> **EXERCISE AIM**: Starting at the line that contains "茹で上がったナスを左右に開いて、縦横に細かく切れ目を入れます。", return every line through the end of the data exactly, without pictures.

> **STORED DATA**:
◇ ◇ ◇

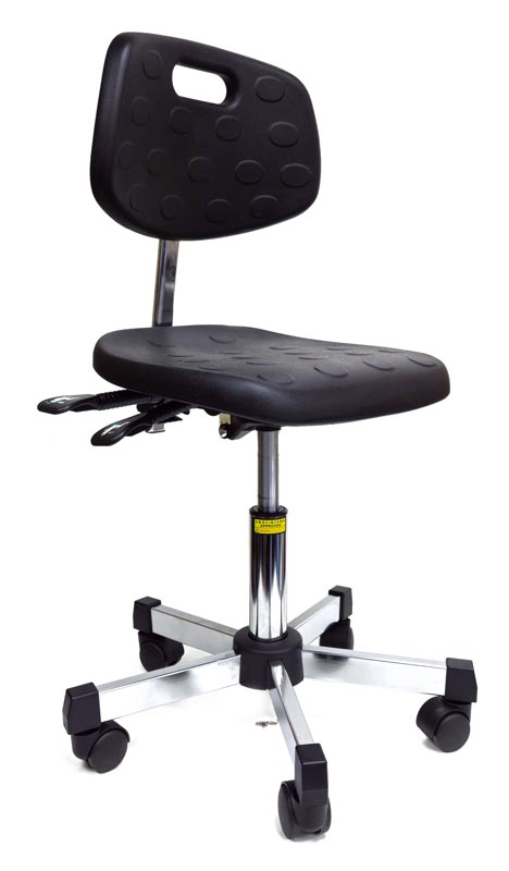 Вспененный полиуретан. Высота регулировки: 430~570 мм. Размер сиденья: 410x390 мм. Размер спинки: 380x250 мм. Регулировка сиденья вверх и вниз, регулировка спинки по высоте, регулировка угла наклона спинки. 5-ти лучевое основание без сварки из холоднокатаной стали с покрытием, диаметр 520 мм; 5 антистатических колес (нейлон). Антистатическое исполнение: поверхностное и объемное сопротивление 10Е5-10Е8 Ом. Цвет черный.
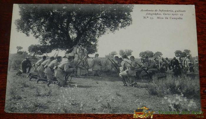 ANTIGUA POSTAL DE LA ACADEMIA DE INFANTERIA, GABINETE FOTOGRAFICO - CURSO 1912 / 13 - N. 55 - MISA DE CAMPAÑA - NO CIRCULADA - ED. PELAEZ.
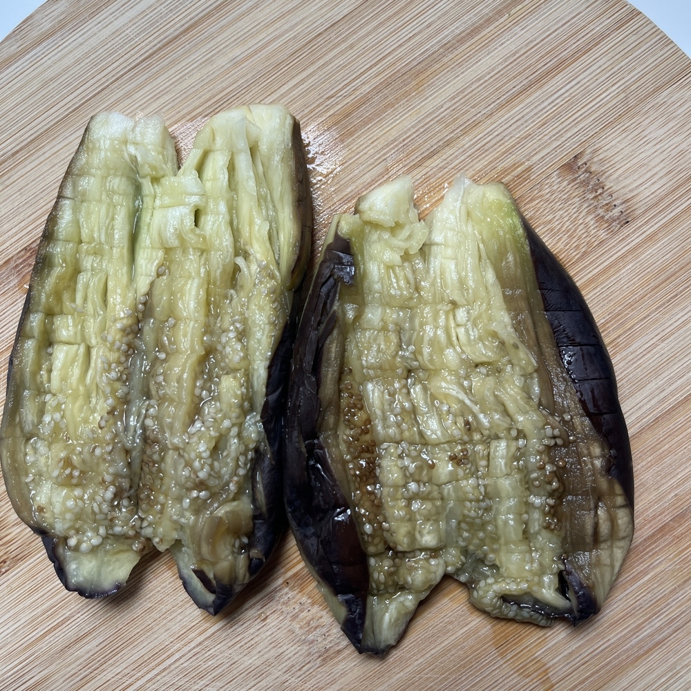 茹で上がったナスを左右に開いて、縦横に細かく切れ目を入れます。
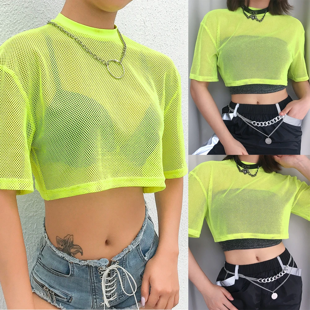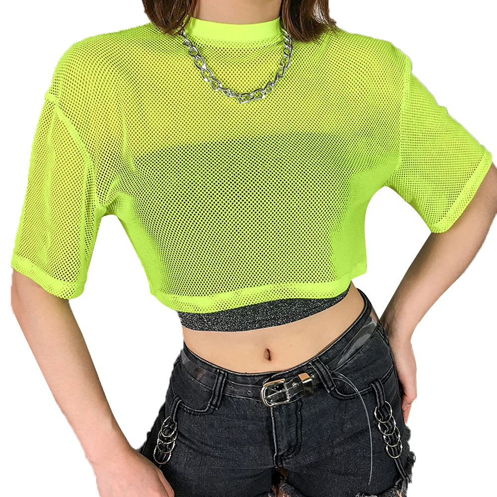 Женский ярко-зеленый сетчатый укороченный топ, сетчатая прозрачная Укороченная рубашка с короткими рукавами, свободная футболка, Женская Клубная одежда, лето, хит продаж

◇ ◇ ◇

> **RESULT FOR THIS TASK**:
 茹で上がったナスを左右に開いて、縦横に細かく切れ目を入れます。
 Женский ярко-зеленый сетчатый укороченный топ, сетчатая прозрачная Укороченная рубашка с короткими рукавами, свободная футболка, Женская Клубная одежда, лето, хит продаж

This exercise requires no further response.